The #2 is counter-intuitive. We launch on Product Hunt to get more people to visit us, not the other way around. But in order to get more exposure, we have to send more traffic first. We continue to ask our community to show up and support us, and you all did. We climbed all the way from #13 to #5 in the early afternoon!

Each position on Product Hunt corresponds to a certain level of traffic. To optimize your launch, it’s crucial to secure a top position as early as possible.

The traffic generated during a launch is determined by two factors:

  1. Your position on Product Hunt
  2. The duration you maintain that position

Even if some product manages to climb from the bottom to the top #1 spot at the last minute and earn the “Product of the Day” title, it won’t make a significant impact, as it would only benefit from one minute of the top position’s traffic. 

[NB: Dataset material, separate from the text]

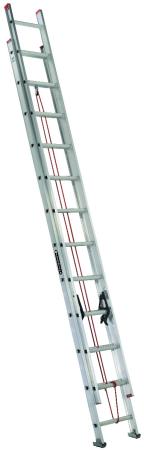 This Louisville 24 foot aluminum extension ladder has a 200 pound load capacity, rated ANSI Type III. This ladder is equipped with D-shape rungs fully serrated for a slip resistant surface, aluminum runglock, mar resistant rail end caps, rope and pulley, and slip-resistant rubber feet. The Louisville L-2324-24 aluminum extension ladder meets or exceeds the safety standards set by ANSI and OSHA.

We enjoyed about half a day of position #5’s traffic, and the other half day we get very little traffic.

The launch experience serves as a reminder of the importance of building our own audience. While leveraging platforms like Product Hunt can be beneficial, their outcomes are not always reliable. I was confident that our launch would secure the top #1 or #2 spot, especially since I had previously achieved #2 with a hobby project, Symbols to Copy. In comparison, Typogram is a much more interesting and robust product. Nonetheless, this experience underscores the need to focus on cultivating a community of user base independently.

Our community carried us through the launch. Without their support, we could have easily been buried throughout the entire day. Instead, we managed to emerge as #13 and continued to climb the ranks, demonstrating the power of an engaged community in driving a product’s growth.

Launch Stats

On launch day, we coincidentally acquired exactly 100 new users, and with additional sign-ups in the following week, we reached a total of 230 new users. Among these, 9 converted to paid users, resulting in a conversion rate of approximately 4%.

Despite feeling as though we were deprived of the #1 position, it's important to remember that a launch is not a sprint but a marathon. In the grand scheme of things, a year from now, this minor setback won't even matter the slightest. If someone is meant to become our user, we will undoubtedly cross paths with them eventually — we just have to keep going to meet them.